Competitive Analysis

The competitor keyword gap becomes a concept gap map. For each keyword a competitor ranks for that you don’t, ask: is this a concept I should own?

The gap analysis feeds competitive intelligence. It shows where competitors have built coverage you haven’t. It reveals market opportunities and competitive vulnerabilities.

Running Keyword Research with Claude

The prompt:

"Do local keyword research for a residential plumbing company in Charlotte NC.
Give me:
- Top 20 transactional keywords with volume, competition, and intent
- Top 10 informational/content keywords
- GBP service and category additions
- Keyword gaps vs. [competitor domain]
- Geogrid tracking keyword recommendations"

The skills that fire: dispatch → local-keyword-research + localseodata-tool

The data pulled: keyword_suggestions, search_volume, related_keywords, keywords_for_site, ai_keyword_data

The output: a complete keyword foundation organized by intent, with GBP actions specified, competitor gaps identified, and geogrid tracking selected.

From there, the output feeds into local-content-strategy for concept clustering and page assignment. Then into local-content-briefs for what each piece must contain. Then into execution.

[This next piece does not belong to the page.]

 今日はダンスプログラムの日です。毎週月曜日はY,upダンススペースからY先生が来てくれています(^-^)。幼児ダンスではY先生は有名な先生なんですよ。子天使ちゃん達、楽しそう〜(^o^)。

The workflow is: research → strategy → briefs → execution → audit. Keyword research is step one. Everything else follows from what it produces.

Keyword Research as a Recurring Workflow

Keyword research isn’t one-and-done. Markets shift. New competitors appear. Seasonal patterns change demand. Search behavior evolves.

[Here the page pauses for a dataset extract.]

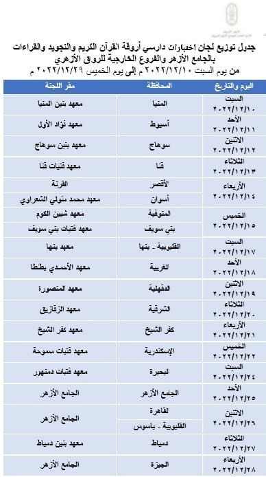 ومن المقرر أن تنعقد لجان الاختبار برئاسة الشيخ حسن عبد النبي عراقي، وكيل لجنة مراجعة المصحف، كما تمتد الاختبارات مدة 18 يومًا، حيث تم تخصيص يوم لدارسي كل محافظة، وفق ما هو موضح في الجدول المرفق، على أن يكون تواجد الدارسين بمقر اللجنة ابتداءً من الساعة الواحدة ظهرًا.

New client onboarding: Full keyword research before any other work begins. The foundation for the entire engagement.

Quarterly refresh for active campaigns: Check for new keyword opportunities, emerging competitors, shifts in volume patterns. The market from six months ago isn’t the market today.

When rankings plateau despite technical work: If GBP is optimized, citations are clean, content exists, and rankings aren’t moving — revisit the keyword foundation. You might be optimizing for the wrong concepts.

When competitive landscape changes: A new competitor enters the market. An existing competitor launches a content campaign. The keyword research refresh surfaces what changed and what it means for your strategy.

The cadence matters. Keyword research that’s current produces strategy that’s relevant. Research from two years ago might be targeting concepts that don’t match current search behavior.

Start Here

If you haven’t done keyword research for a client, that’s the first step. Before GBP optimization, before content planning, before geogrid setup.

Run the research. Get the keyword foundation. Then build everything else on top of it.

The local-keyword-research skill produces the complete output in one prompt. The local-content-strategy skill organizes it into a content architecture. The workflow is designed to chain.

Keywords are the raw material. Concepts are what you build. The translation between them is where local SEO strategy begins.